Thoughts on a
Dead Man
He was a man, as
much as any can be. When he breathed, he breathed the
mixture of oxygen and carbon dioxide and whatever mix of chemicals there
was in the air. His heart beat steadily each day of his life. His eyes
had seen beauty and ugliness, and his hands had caressed and entreated
and threatened.
He was a man, and he moved
in the world as men do, working and planning and building. Sometimes he
built for others, sometimes he built for his own dream. He was a man.
He had blood and he had
passions. He had known the scent of his lover's skin. His groin had
tightened with desire and his head had spun from ardour. His lips had
kissed. His lips had promised. His lips had made vows impossible to
keep, but then again all men do. His heart had beat and he imagined it
in time with his lover's, eternally entwined with an invisible bond.
When he was hungry, he ate.
When he could not eat, he went hungry. When he was in pain, he felt. In
heat he sweated, in cold he chilled, in autumn he lay in languor in the
leaves and slept. When he walked, the muscles in his legs stretched and
flexed, and the steady weight of his genitalia was a comforting sway.
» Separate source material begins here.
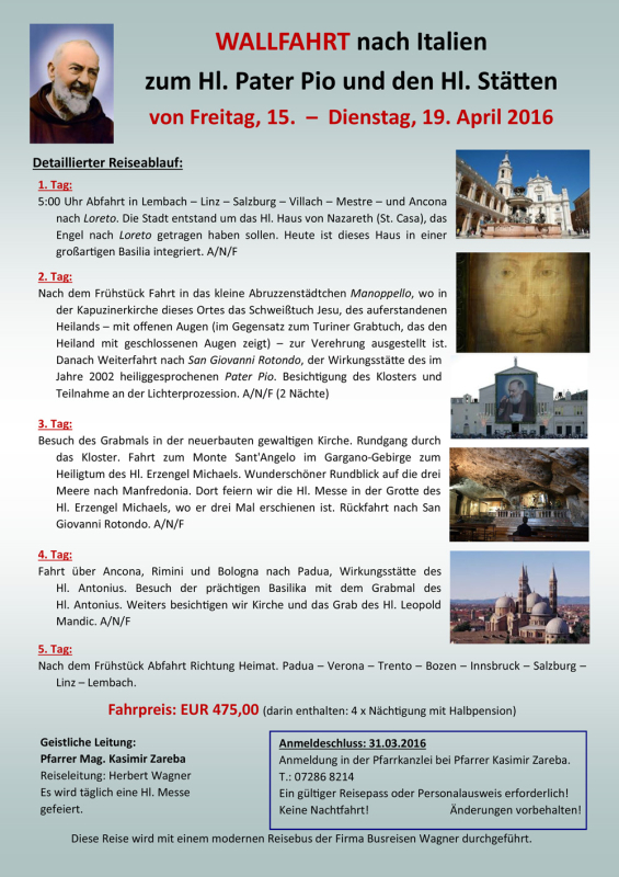 Nehmen Sie sich Zeit, eine Wallfahrt ist eine Investition in die Zukunft, gibt uns Kraft und stärkt uns im Alltag!
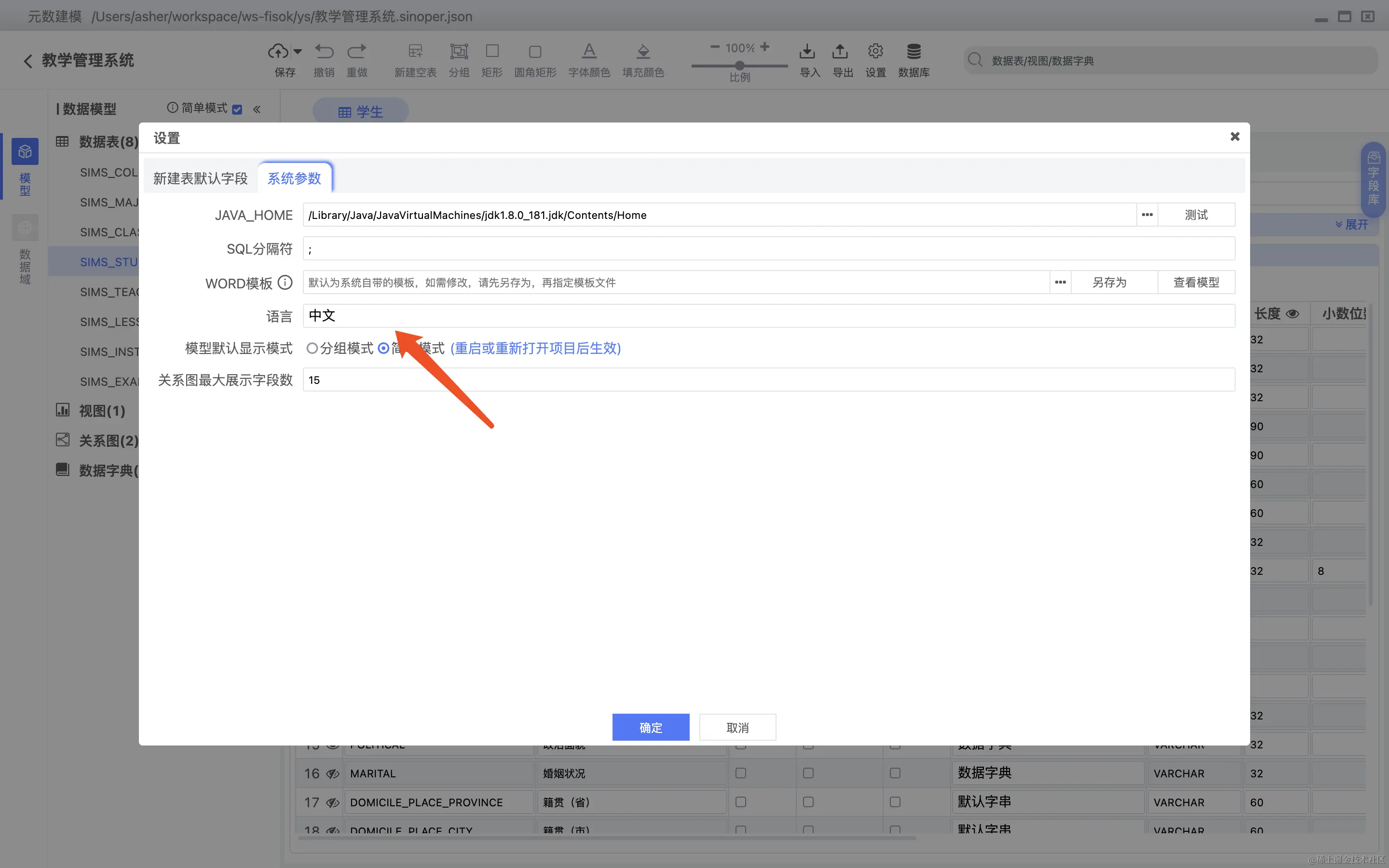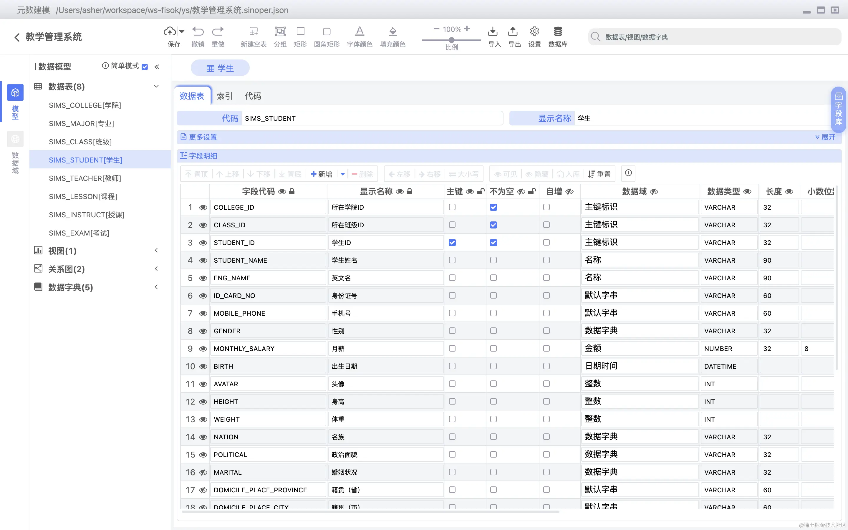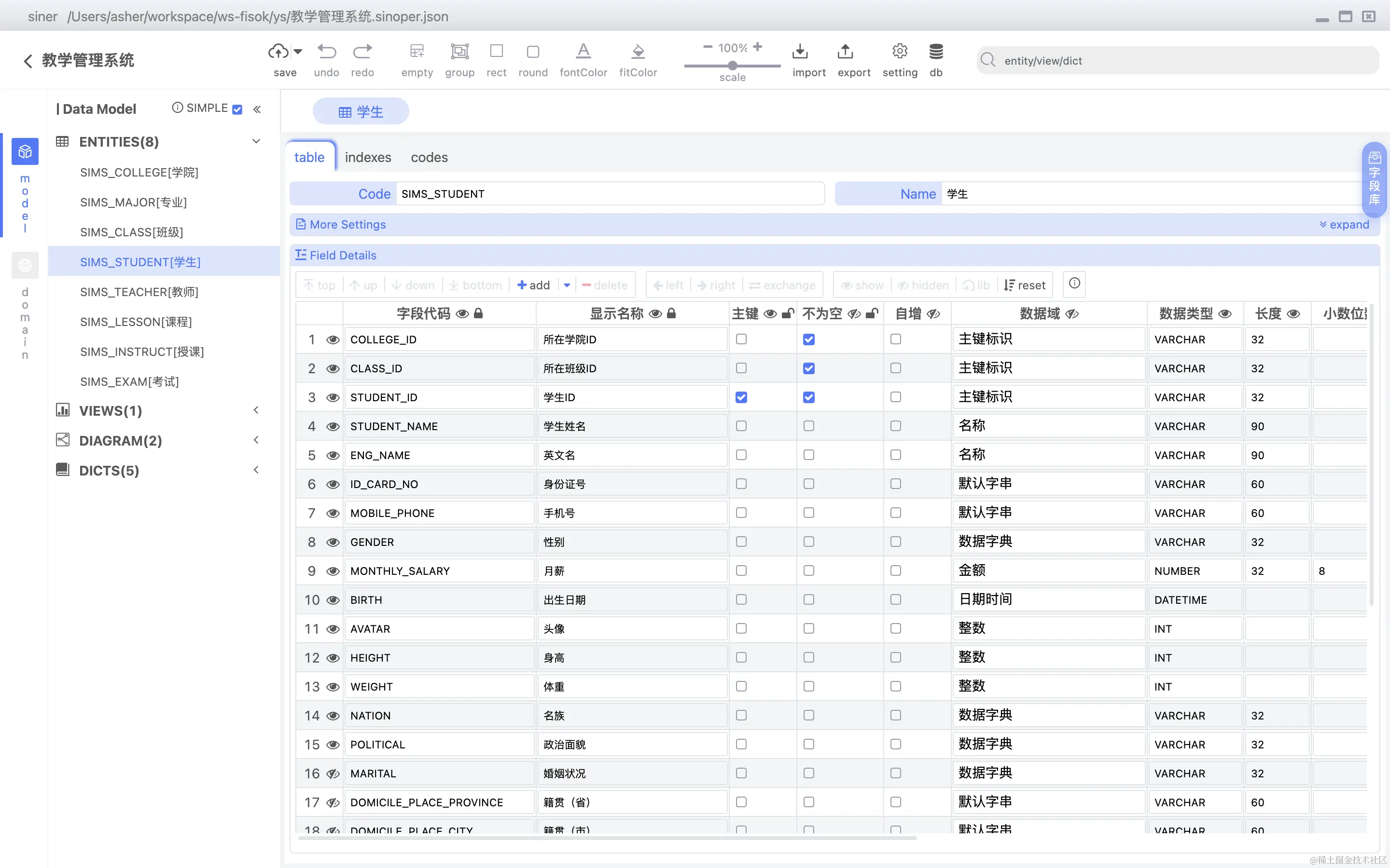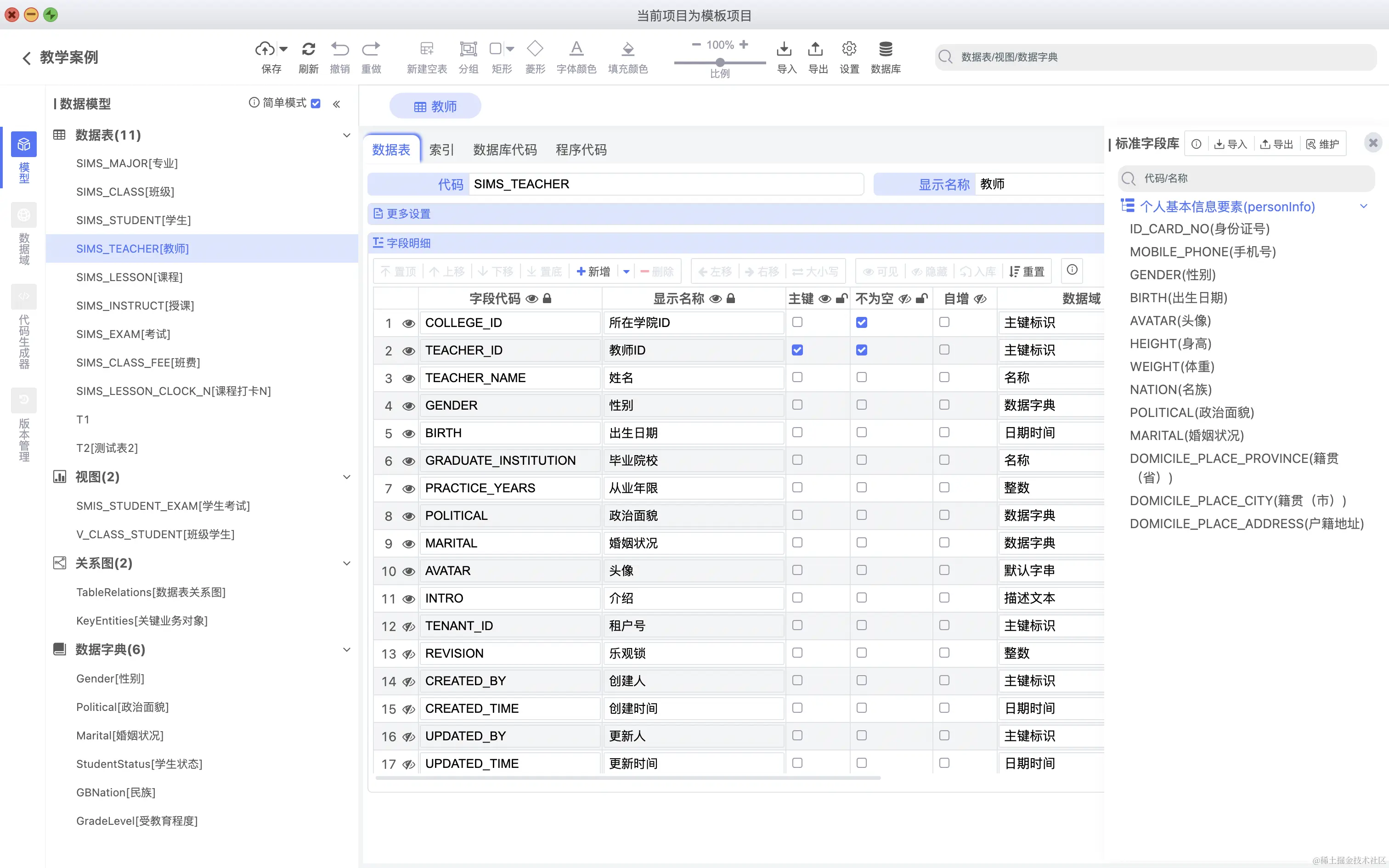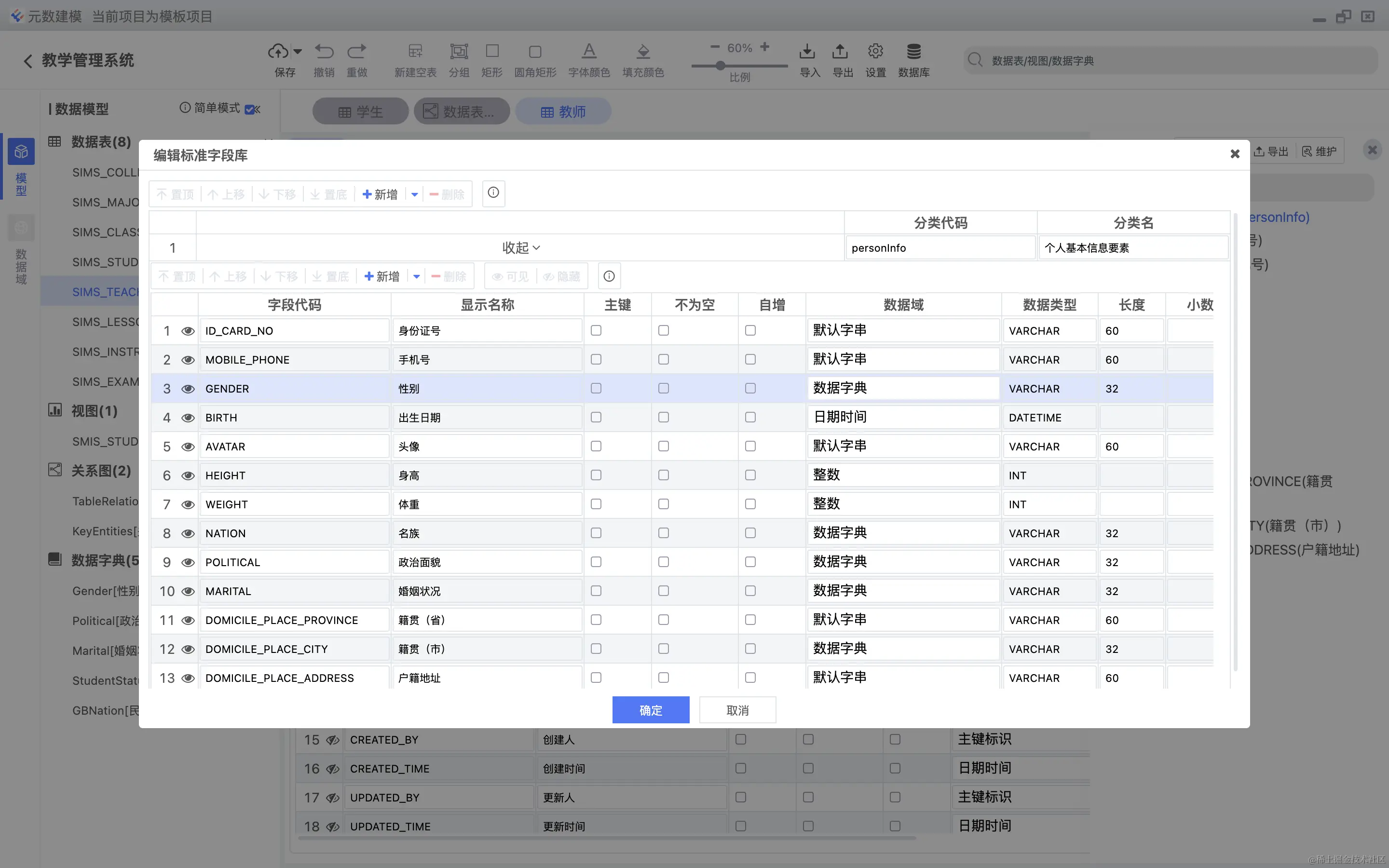 数据表字段可以直接关联数据字典,如下图所示:

When he sat, the material of his clothes stretched across his thighs and
he felt it.
He was cruel when the mood
took him. He was kind when his conscience told him. He inspired
affection, and pain, and love, and terror, and hate. He had a mother,
and a father. He was conceived. He was born. He was loved. He was a man.
He was a man. Just like any
other man. His body was made of flesh and bone and when the bullet hit
him it tore through muscle like a knife through steak, because that's
what meat is. His heart pumped his life blood to the wound, and he bled.
His blood was warm and sticky and stained everything it touched. When he
walked into the café to trigger the bomb his heart raced. When he saw
men walking down the alley to him he perspired. When the car hit the
pole he gasped. When the pain started in his arm he was surprised. When,
when, when.
He was a man. It doesn't
matter which man he was. He was a man, as you are a man, as the man you
love is human, as every man for hundreds of years has been. He spoke
with the words formed from his tongue and larynx. He thought with the
cells of his brain. He reacted to the situations around him. He
breathed, and he felt pleasure in the filling of his lungs. He was a
man.
It is nothing. It is
everything. But it is to be remembered.